Dispatch from the Desert: Human[X], Robotics, and the AI Power Shuffle

March 31, 2025

By: Nate Bek

Vegas felt like an odd place for a conference about intelligence. The artificial kind, or otherwise. But maybe that made it the right setting.

The slot machines never stopped blinking. The escalators kept funneling us between velvet-curtained ballrooms and DJs and mimosa towers to the floor of a city built to overwhelm. There’s something about putting thousands of people in a place designed to keep you distracted — and asking them to think about the future.

Human[X] was the first AI conference of its kind, but it didn’t really feel like a debut. It felt more like a checkpoint. I came in with a few themes top of mind: robotics, AI labs turning into real institutions, and how venture is reacting to the next wave. Those threads ended up tying most of the sessions I attended together.

From left: Hugging Face, Co-founder; Rachel Metz, AI Reporter at Bloomberg; Arthur Mensch, Co-founder & CEO at Mistral AI; and Metz.

The most grounded — and maybe most striking — observation came from Thomas Wolf of Hugging Face.
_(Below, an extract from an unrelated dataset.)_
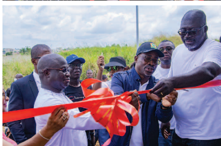
Coupure de ruban par le PCA de PETROCI la PCA de G2I et le DG de PETROCI

Pictures of ribbon cutting and handing over of keys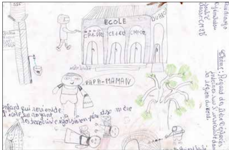
De terroristen schieten en steken de huizen in brand. Een kind komt thuis uit school en vindt zijn vader en moeder dood met doorsneden kelen.

"I'm pretty sure 2025 is going to be the year where robots start to work."

Not in theory. In kitchens. In warehouses. On wheels. Reinforcement learning breakthroughs are beginning to land outside the lab, and there’s a new confidence about it. He also flagged what’s missing: openness.

“They're all closed-source… In the future, where robots are everywhere, I would love a part of them to be open so that we know exactly what's inside. Maybe we even build them ourselves."
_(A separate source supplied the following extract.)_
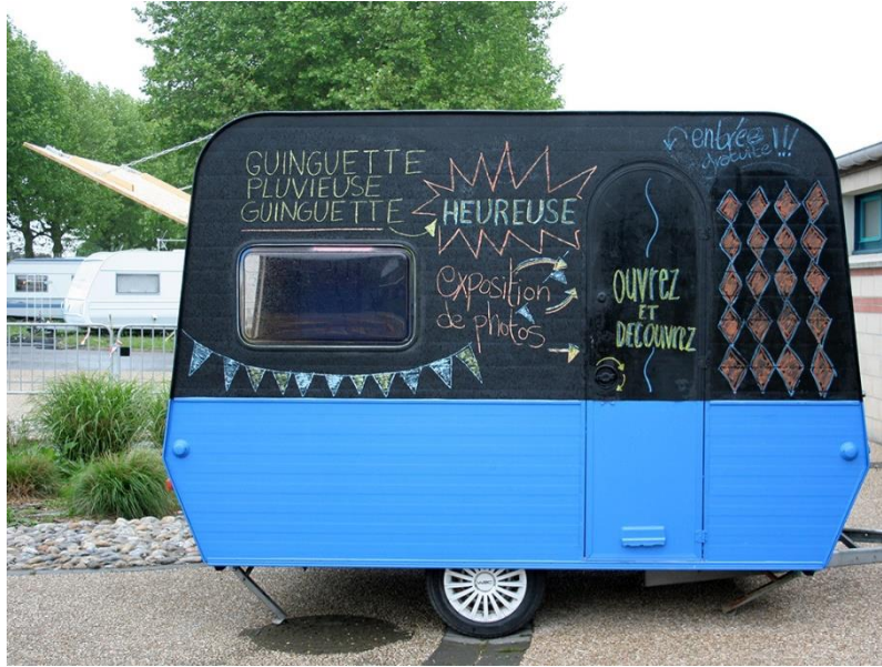
Figure 12 : Collectif Faubourg 132, projet Caravane Tour, Guinguette, Résidence M.i.A.A. 2016

That tension came up in other corners, too. Brad Porter, founder of Collaborative Robotics, was clear about the practical challenges of humanoid robots. Drawing on his time at Amazon:

“We needed robots that could work collaboratively in and around humans. It was not clear how you were going to safety rate these 300-pound mechanical things that can fall over really easily."

What stood out to me was how rarely this kind of specificity comes up in general AI discourse. These weren’t hypotheticals. They were design constraints from people who’ve already tried and course-corrected.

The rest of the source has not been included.